We found that all 34 HuRef scaffolds that were deemed before as “new sequence” (Supplemental Fig. S5) also have a large number of hits from differential male reads (Supplemental Table S4, column 6), which confirms that they contain new Y-linked sequence. Among the 85 scaffolds that closely match the reference Y, we found three patterns of hits of differential male reads: (1) scaffolds that have very few or zero hits from the differential male reads; these scaffolds are completely subsumed into the reference Y; (2) scaffolds that contain the misassembled XTR region, characterized by a large number of hits from the differential male reads, unevenly distributed (DS486171, DS486351, etc.) (Supplemental Table S4); they also have many hits from female reads in the same region of differential male reads, so we dismissed them; and (3) scaffolds that contain a discrete region with a large number of hits from the differential male reads, evenly distributed and devoid of significant coverage by female reads (e.g., Fig. 6). The latter pattern provides unequivocal evidence of new Y-linked sequences; we found it in five regions, belonging to four scaffolds. Three of them were already detected with the previous approach (DS486628, DS486519, and DS486512); the remaining two regions are part of a large scaffold (DS486277), so their presence was inconspicuous in Supplemental Figure S5. Four additional scaffolds contain small patches (< 2 kbp) of new sequence (DS486286, DS486428, DS486288, and DS487109) and were not further studied.
The above procedures control for all reasonable sources of artifacts. Two different approaches (Supplemental Table S4, columns 5,6) yield similar results (namely, both identified the 34 small scaffolds, plus scaffolds DS486512, DS486519, and DS486628 as containing new Y sequences). The k-mer comparison (Supplemental Table S4, column 5) is insensitive to large scale misassemblies (contig inversions, etc.), which are common in repetitive regions. The alignment of male differential reads (Supplemental Table S4, column 6) is insensitive to contaminant DNA, plain sequence errors in HuRef (which might mimic new sequence), and also to rare alleles/new mutations present in the HuRef donor because the male reads would not match them.
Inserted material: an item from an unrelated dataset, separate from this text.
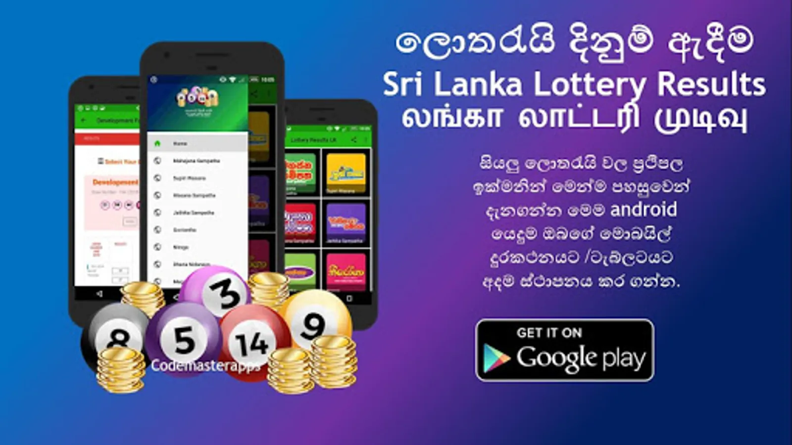 This is a Informative Third Party app only providing wining numbers of the Sri Lankan lottery conducted by NLB and DLB.This app does not represent the any government agency.

The visualization of the alignment of the three types of short reads (male, differential male, and female) (Fig. 6) allowed the separation of differences between HuRef and the reference Y due to new sequence from artifacts caused by misassemblies (the later have hits against female reads in the same region of the differential male reads).The five newly found regions that extend the reference Y scaffolds are summarized in Supplemental Table S3.
Data access
The new nucleotide sequences reported in this manuscript have been submitted to GenBank (http://www.ncbi.nlm.nih.gov/genbank/) as Third Party Annotation sequences under the accession numbers TPA: BK008736–BK008744.
Acknowledgments
We thank L. Farinelli, G. Marçais, S. Beyer, P. Green, E. Eichler, G. Sutton, J. Miller, A. Zimin, J. Felsenstein, M. Khuner, E. Walkup, J. McGill, R. Giansiracusa, C. Berg, M. Bahia-Schlee, B. Lemos, A. Peixoto, M. Luz, P. Paiva, G. Nassar, E. Dupim, and L. Koerich for valuable suggestions and help. We thank NACAD/UFRJ and GS/UW for computational facilities, and the Drosophila Species Stock Center (U.C. San Diego) for the Drosophila strains. This work was supported by Conselho Nacional de Desenvolvimento Científico e Tecnológico-CNPq, Fundação de Amparo à Pesquisa do Estado do Rio de Janeiro-FAPERJ, Guggenheim Foundation, FIC-NIH grant TW007604 (A.B.C.) and NIH grant GM64590 (A.G.C. and A.B.C.). A.B.C. conceived the work, performed the research, and analyzed the data; A.G.C. suggested the use of human data; A.B.C. and A.G.C. wrote the paper. A.B.C. dedicates this paper to the memory of Alexandre Peixoto, outstanding scientist and human being.
Footnotes
[Supplemental material is available for this article.]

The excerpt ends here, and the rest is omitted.